By March 1st of each year, facilities covered by the Emergency Planning and Community Right-to-Know Act (EPCRA) Sections 311 and 312 are required to submit an emergency and hazardous chemical inventory to the state emergency response commission (SERC), the local emergency planning committee (LEPC), and the local fire department. Nationally, about 550,000 facilities are required to do so.

Tier II reports required under EPCRA provide state and local officials and the public with specific information on certain products that were present at facilities during the previous calendar year.

The Community Right-to-Know provisions help increase the publicís knowledge and access to information on chemicals at individual facilities, their uses, and releases into the environment. States and communities, working with facilities, can use the information to improve chemical safety and protect public health and the environment.

On a large community-wide scale, the efforts of the Tier II reporting process assisted emergency response personnel during the Hurricane Katrina aftermath. Emergency response agencies utilize the Tier II data to determine what chemicals and compounds they may be exposed to while responding to daily emergencies, such as a fire. Information derived from Tier II data provided by emergency responders can assist healthcare providers with patient assessment and treatment.
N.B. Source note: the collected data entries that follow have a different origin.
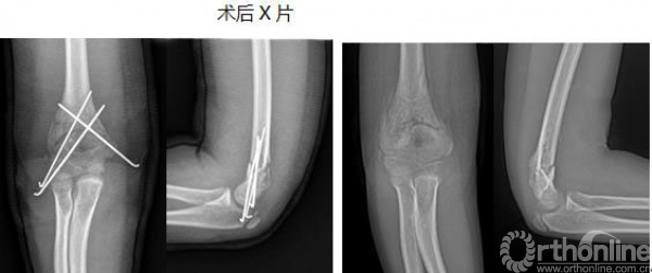 华某某,12岁,男,完全移位的右肱骨髁上骨折,行肱骨髁上骨折“零”切开手术,术后恢复良好,不留疤,在门诊取内固定可立即离院。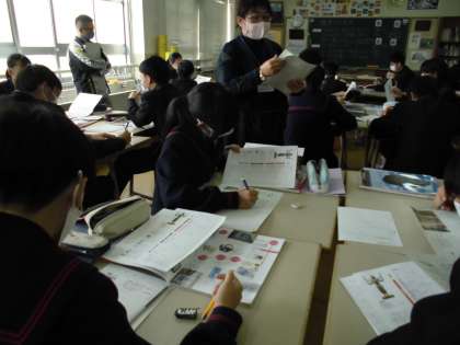 4限、2年2組美術のミニグループ研修(研究授業)の続きです。
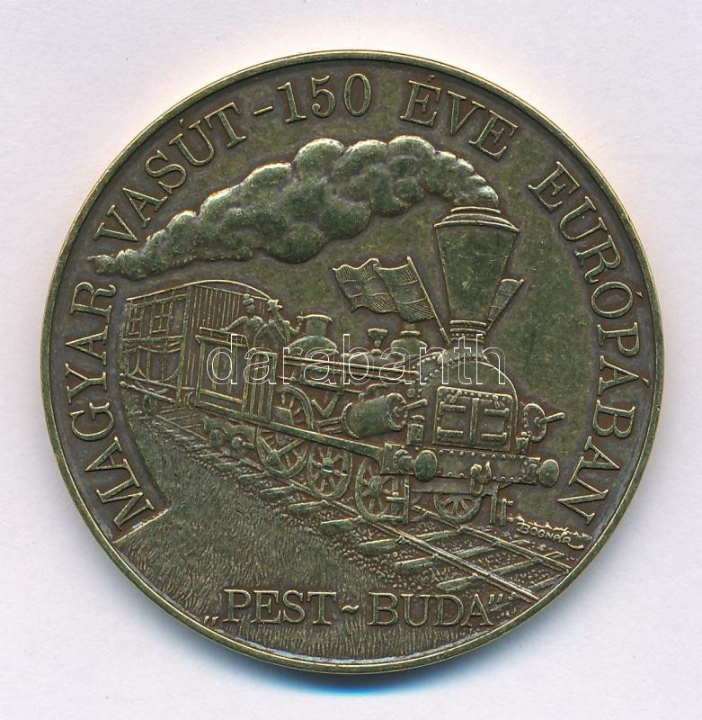 Bognár György (1944-) 1996. "Magyar Vasút - 150 Éve Európában, Pest-Buda" kétoldalas bronz emlékérem sérült kapszulában (42,5mm) T:AU
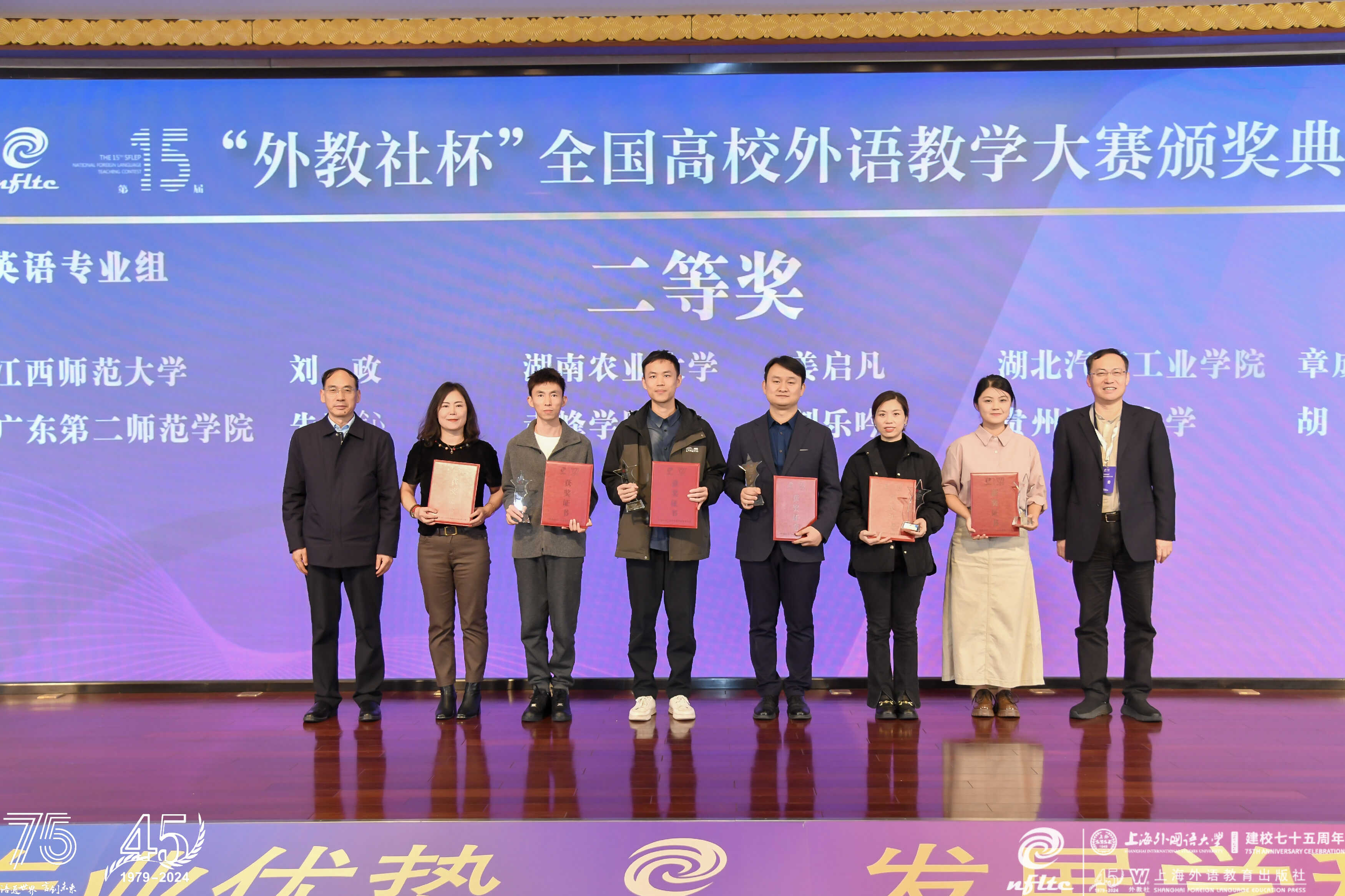 此次大赛共有来自全国30个赛区的选手激烈角逐,经过决赛和总决赛两个赛程及授课、说课、回答评委问题三个环节,共产生特等奖1人,一等奖3人,二等奖6人,三等奖若干。mksport体育英语系专业教师姜启凡老师以湖南省第一名特等奖成绩进入决赛,为湖南省唯一一个代表英语专业组的选手。在全国决赛阶段,姜启凡老师凭借扎实的语言功底、深厚的人文素养、精彩的授课表现,以决赛排名第三的成绩入围总决赛,并最终以全国第六名的成绩获得总决赛二等奖,姜启凡、范丽群、高贝、彭佳宇、陈颖等组成的团队获得英语专业组教学设计全国三等奖,实现公司在该项赛事上的突破。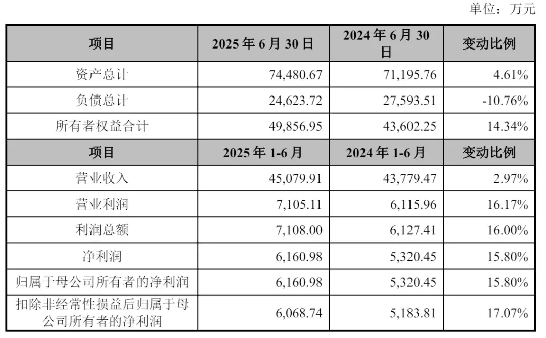 财务数据显示,2022-2024年公司营收持续攀升,分别为5.6亿元、6.72亿元和8.67亿元;净利润保持30%左右的年增速,对应实现6876万元、8741万元和1.11亿元。更值得关注的是2025年上半年业绩:在4.51亿元营收基础上,净利润6161万元实现15.8%同比增长,展现稳健发展态势。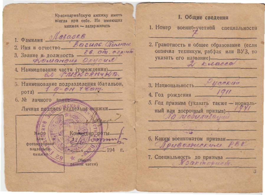 Родился 27 февраля 1911 г. в с. Софьино Приволжского района Куйбышевской области, в многодетной семье 11-м ребенком. Закончил 2 класса местной школы, работал трактористом. В 1939 г. шесть месяцев воевал с финнами. В декабре 1940 г. женился. В июне 1941 г. призван по мобилизации. В апреле 1942 г. прибыл с формировочного пункта г. Москвы и назначен командиром орудия. Всю войну воевал на «Катюше» в составе Западного, Воронежского, 3-го Украинского, 1-го и 2-го Белорусских фронтов. Демобилизован 25 сентября 1945 г. Вернулся домой, в Софьино. Работал трактори-стом, завхозом, объезчиком полей, потом ушел в животноводство. Работал свина-рём, а в последнее время зимой скотником у овец, а летом пастухом – пас овец. В 1960-70-е гг. прошлого столетия был заслуженным колхозником колхоза им. Кирова (с. Софьино) Приволжского района. Все эти годы на дому висела табличка «Здесь живет почетный колхозник, Лазарев Василий Пименович, колхоза имени Кирова». Был коммунистом, и всю сознательную жизнь являлся членом райкома партии – в то время это было очень почетно. За добросовестный и честный труд награждался грамотами, ценными подарками и путевками в санатории и курорты. Неоднократно бывал за границей по путевкам от райкома партии. Умер 8 августа 2003 г. Похоронен на кладбище с. Софьино.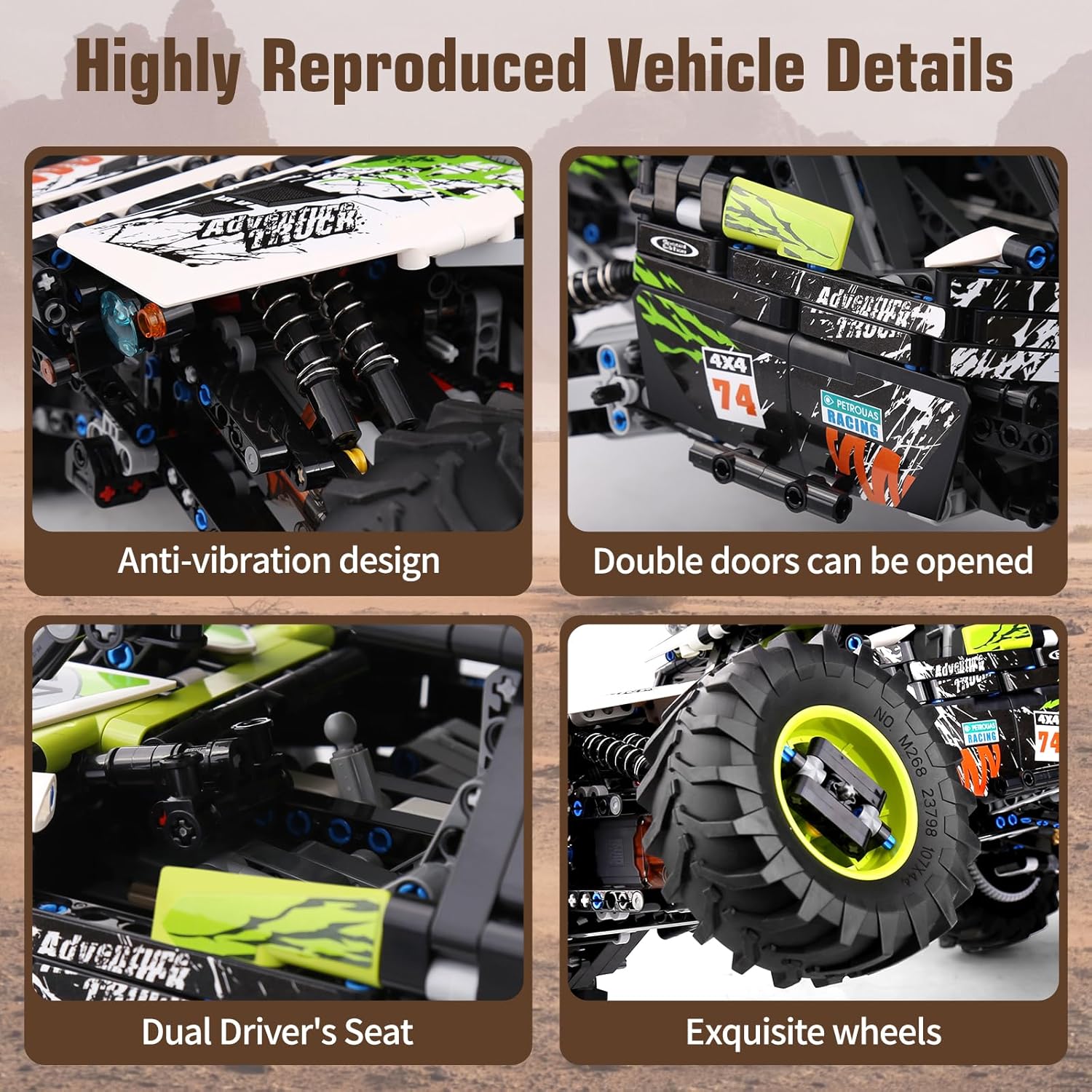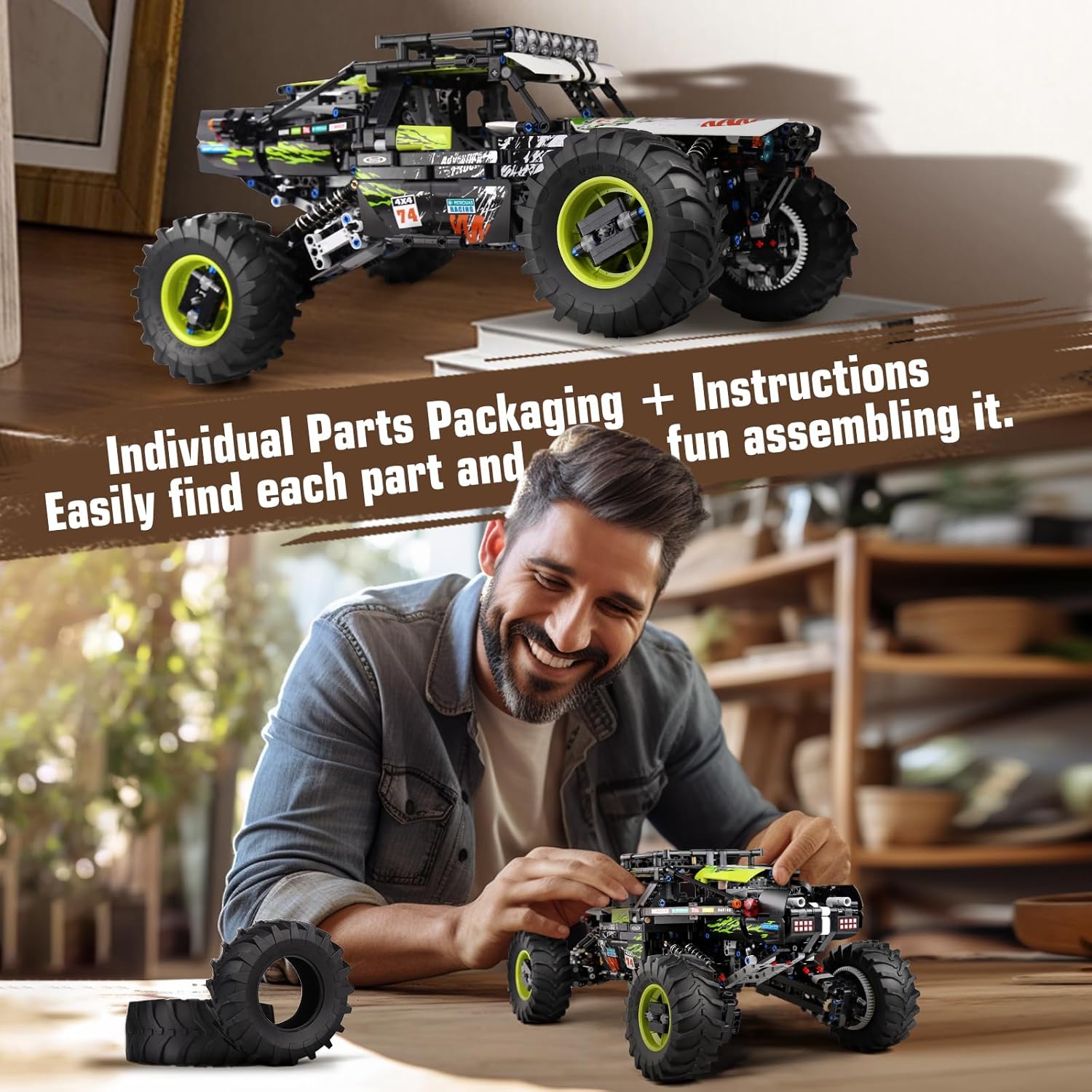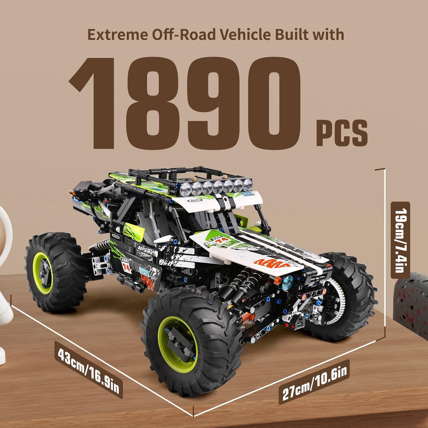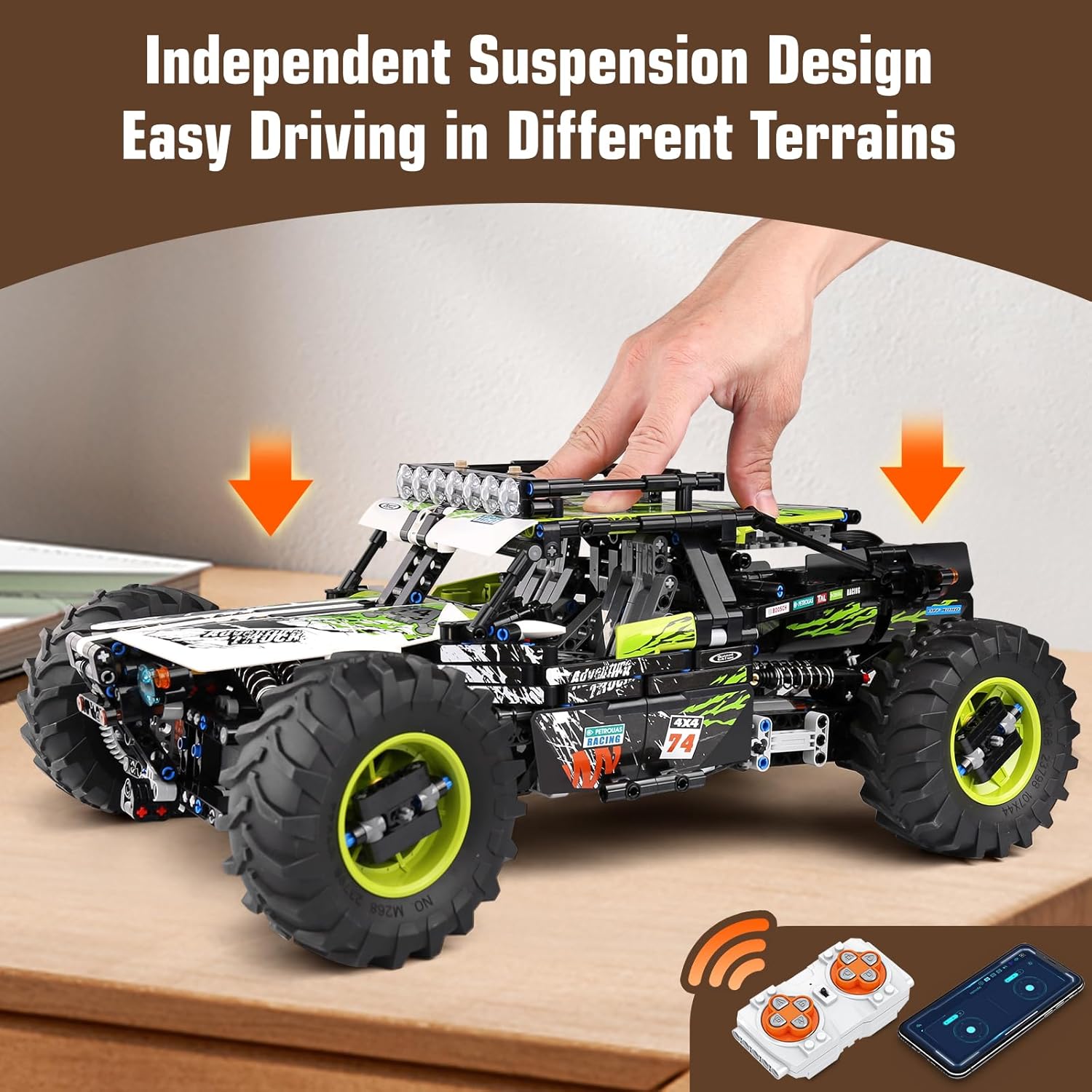کیت ساختمانی مدل خودروی آفرود تکنیک Mold King 18002، خودروی شاسی بلند با کنترل از راه دور 2.4G و برنامه کنترل دوگانه، مجموعه بلوک های ساختمانی خودروهای خارج از جاده Extreme Series 4x4 Technic (1890 PCS)

For most states the reporting thresholds, or Threshold Planning Quantities (TPQ), are 10,000 pounds of any substance or product for which a material safety data sheet (MSDS) is required. For Extremely Hazardous Substances (EHS), the Total Planning Quantity may be 500 pounds or the TPQ, whichever is less.

Who Must File?
EPCRA, as part of the Occupational Safety and Health Administration (OSHA) Hazard Communication Standard, indicates that if an entity is subject to OSHA then they are also subject to EPCRA. Not all states are governed by the federal OSHA rules and regulations. Therefore, for states that are not subject to OSHA, state owned and operated facilities are not required to report Tier IIs as defined by EPCRA. However, if you are a privately held company or institution then you must file Tier IIs if your organization meets the Threshold Planning Quantities.

To determine whether or not your state has an equivalent Occupational Safety and Health program, look to the OSHA website. However, the list does not seem to include all states that are conditionally exempt from Tier II reporting, therefore, we highly recommend you check with your U.S. Environmental Protection Agency (EPA) regional office before you decide not to file.

The following are materials that are commonly found to be above the Threshold Planning Quantities:
Fuels: Fuel oils, diesel, Kerosene, propane. Other petroleum products: motor oil, hydraulic fluid (elevators, compressors, forklifts, other machinery)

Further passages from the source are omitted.